A favorite rest stop for millions of travelers along Interstate 95 in Maryland will reopen its doors to the public next week after receiving a $30 million makeover by the state and its private-industry partners.
The new Maryland House, a 42,000-square-foot, gable-roofed and glass-enclosed structure, features nine food vendors, a tourist information center, larger bathrooms and several shops. A new Sunoco gas station on the property includes more than 40 fueling outlets with state-of-the-art pumps that speed up the fueling process.
"I like the sort of open-air feel and concept," said Lt. Gov. Anthony G. Brown during a tour and ribbon-cutting at the new Aberdeen facility on Monday.
"This is so much better," said James Smith, the state's transportation secretary, as he stood with Brown and Sen. Ben Cardin in the facility's new men's bathroom, which has twice as many stalls and urinals as the previous facility.
The former Maryland House opened in 1963, and later became one of the most frequented travel plazas in the country, with lines often forming outside the bathrooms. It was closed in 2012 under a $56 million public-private partnership to redevelop it and the nearby Chesapeake House.
The Chesapeake House, which opened in Cecil County in 1975, will close to the public next week so work there can be completed by September, said Xavier Rabell, CEO of Areas USA, which won a contract to build the facilities and operate them for the state through 2047.
Construction of the new Chesapeake House facility began on land adjacent to the existing facility in the spring. Rabell said that structure is complete, and with Maryland House reopened, work will begin to demolish the old Chesapeake House and turn the site of the former facility into parking.
Rabell said he expects it to take 10 to 12 years for his company to recoup its investment. "It will depend on traffic. It will depend on our service to our customers," he said.
More than 5 million people have stopped annually at Maryland House and Chesapeake House, which are state-owned, in recent years.

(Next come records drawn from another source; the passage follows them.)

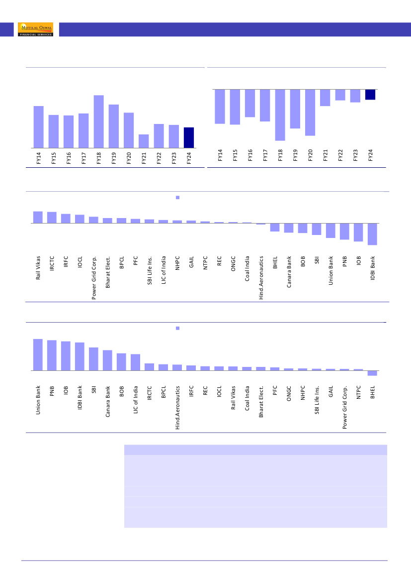 During FY19-24, PSU earnings reported a 33.8% CAGR, outperforming that of the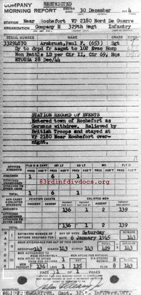 Entered town of Rochefort as Germans withdrew. Relieved by British troops and stayed at VP2180 Near Rochefort overnight.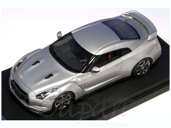 This excellent die-cast model of the GT-R from HPI Racing features amazing detail and a flawless "Ultimate Metal Silver" finish. The car comes mounted on a black plastic base with a beautiful metallic "GT-R" plaque. Covered with a crystal-clear plastic case to help keep it free of dust and fingerprints.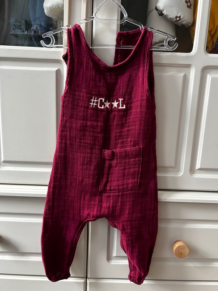 Bordo renkli, örgü dokulu bebek kız tulumu, önünde küçük cep ve göğüste '#C★L' yazısı bulunur. Desensiz ve koyu renklidir. 6-9 ay keten müslin kumaş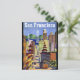 Affiche de voyage vintage pour San Francisco avec Chinatown, East Bay Bridge dans l'arrière - plan ainsi qu'un téléphérique.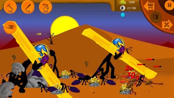 3、角色丰富,策略性强:火柴人可以成为矿工、剑士、矛士、弓箭手、巫师甚至巨人等多种职业,每种角色能力独特。玩家需根据不同情况合理搭配兵种,运用策略排兵布阵。

That volume of travelers largely shaped the design of the new structures, as did architecture and design aesthetics native to Maryland, said Glenn Birx, chief operating officer of Ayers Saint Gross, the project's Baltimore-based designer.
"You have to design to the peak hours," Birx said.
The plaza offers about 500 seats for dining.
During the ribbon-cutting, Brown, Smith and Cardin all lauded the completed plaza as the newest success under the state's public-private partnership law. They also celebrated the more than 400 construction jobs and 575 operating jobs the state has said the project has generated.
"We couldn't have done this solely as a state endeavor," Cardin said.
The plazas are expected to generate hundreds of millions of dollars in state revenue over the course of the Areas contract.
Brown called the Maryland House "an iconic symbol along this heavily traveled corridor."
The new facility features a Phillip's Seafood, Wendy's, Nathan's, Currito, Jerry's Subs and Pizza, Auntie Anne's, Dunkin' Donuts, Carvel and Sunshine Market. It also has a Brookstone and an Orange Optix.
The separate Sunoco gas station includes a 5,700-square-foot A Plus convenience store.
Bruce Gartner, executive director of the Maryland Transportation Authority, said officials with the state and Areas are working through final checklists to make sure everything at the facility is ready for its opening. Officials did not provide an exact opening date but said it will be next week.
Al Doane, 78, of Port Deposit works at the Maryland House tourist center and said he is excited for the public to see the new facility. After working at the Chesapeake House for more than 17 years, the last four in its welcome center, Doane said he jumped at the offer from Areas to continue working in the new facilities.
A former history teacher and headmaster at Lighthouse Christian Academy in Port Deposit, Doane said talking to visitors about Maryland's history is his favorite part of the job, and there is now room for more visitors than ever.
"If we got five to six tour buses in, we were armpit to armpit," he said of the crowded older facilities. "Now I look forward to 10 to 15 buses at a time."